Disney parks dark ride

Roger Rabbit's Car Toon Spin is a dark ride located at the Disneyland and Tokyo Disneyland theme parks, based on the 1988 Touchstone/Amblin film Who Framed Roger Rabbit. Both versions of the attraction are located in Mickey's Toontown. The Disneyland version opened on January 26, 1994, a year after the Mickey's Toontown area opened, and the Tokyo Disneyland version opened on April 15, 1996. In December 2021, the Disneyland version was updated to include a new plot element of Jessica Rabbit in the role of a detective who is determined to stop a crime wave in Toontown.

==History==
Roger Rabbit was recognized as a lucrative character by Disney after the release of Who Framed Roger Rabbit and a set of attractions based on the movie were developed for many Disney theme parks. Roger was set to be the star of his own land, behind Main Street, U.S.A. at Disneyland, called Hollywoodland. Meanwhile at Magic Kingdom, a new land behind Fantasyland was being developed in honor of Mickey Mouse's sixtieth birthday, named Mickey's Birthdayland.
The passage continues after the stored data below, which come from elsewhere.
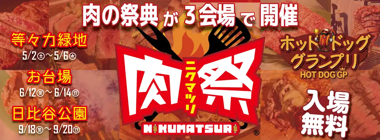 「肉祭2026」の第1弾はGWに開催!2026年5月2(土)~6日(水・祝)<5日間>、神奈川県川崎市中原区「等々力緑地~催し物広場~」にて、『肉祭2026in等々力緑地』 を開催いたします。 |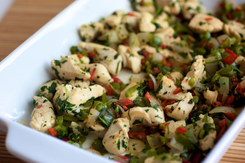 - *You can easily add chicken- dice and cook with the peppers and onions.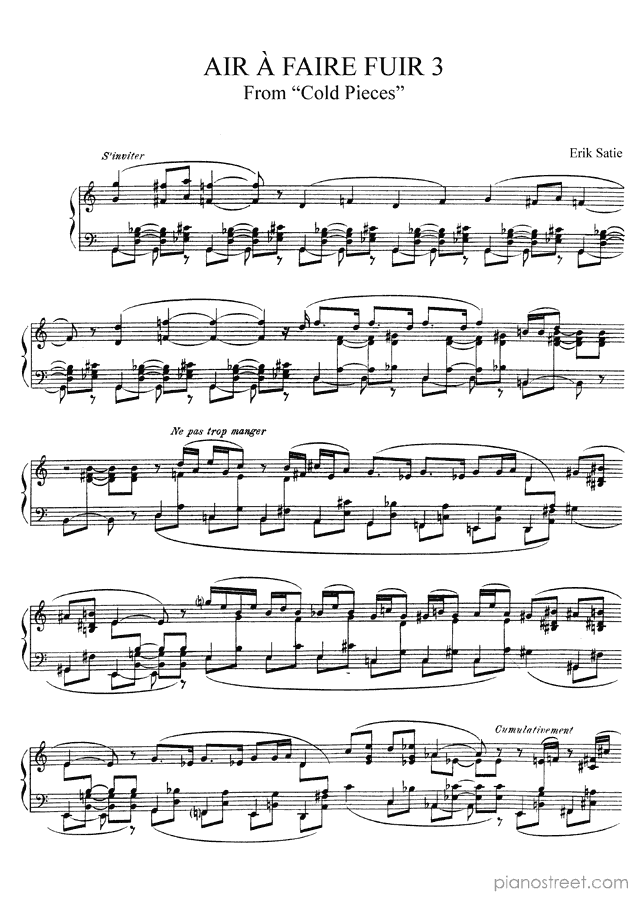 DOWNLOAD Air à faire fuir 3 No. 3 by Erik Satie (published in 1897) . High quality classical piano scores from the Piano Street sheet music library.

There were also set to be attractions based on Roger Rabbit, Judge Doom and Baby Herman opening in a major expansion at Disney's Hollywood Studios and Tokyo Disneyland, known as "Roger Rabbit's Hollywood". These attractions included Toontown Trolley, a simulator ride through Toontown aboard a new character named Gus the Bus; Toon Coaster, a roller coaster based on the short Roller Coaster Rabbit; Baby Herman's Runaway Baby Buggy Ride, a ride based on the short Tummy Trouble; and a Benny the Cab ride, which evolved into Roger Rabbit's Car Toon Spin. However, due to Disney and Amblin's (Steven Spielberg's company that co-financed the film) argument over the rights to the character and the financial troubles of the Euro Disney Resort, plans were cut back with only Disneyland and Tokyo Disneyland receiving any Roger Rabbit-themed attractions.

Imagineer Joe Lanzisero described the creation of the ride:

This ride grew out of, really, Disney technology. Even though we wanted to do something new and cutting edge, we didn't want to reinvent the wheel. So this is really a hybrid of existing technologies in the park. We physically went to one of our existing dark rides which is a ride vehicle that runs along on a bus bar and we looked at the teacups which are on a little post that spins around. We took a teacup one night off the teacup ride, put it on Pinocchio and went through the ride to see how these two technologies would work together, and it was a marriage made in heaven. Actually, made in Disneyland.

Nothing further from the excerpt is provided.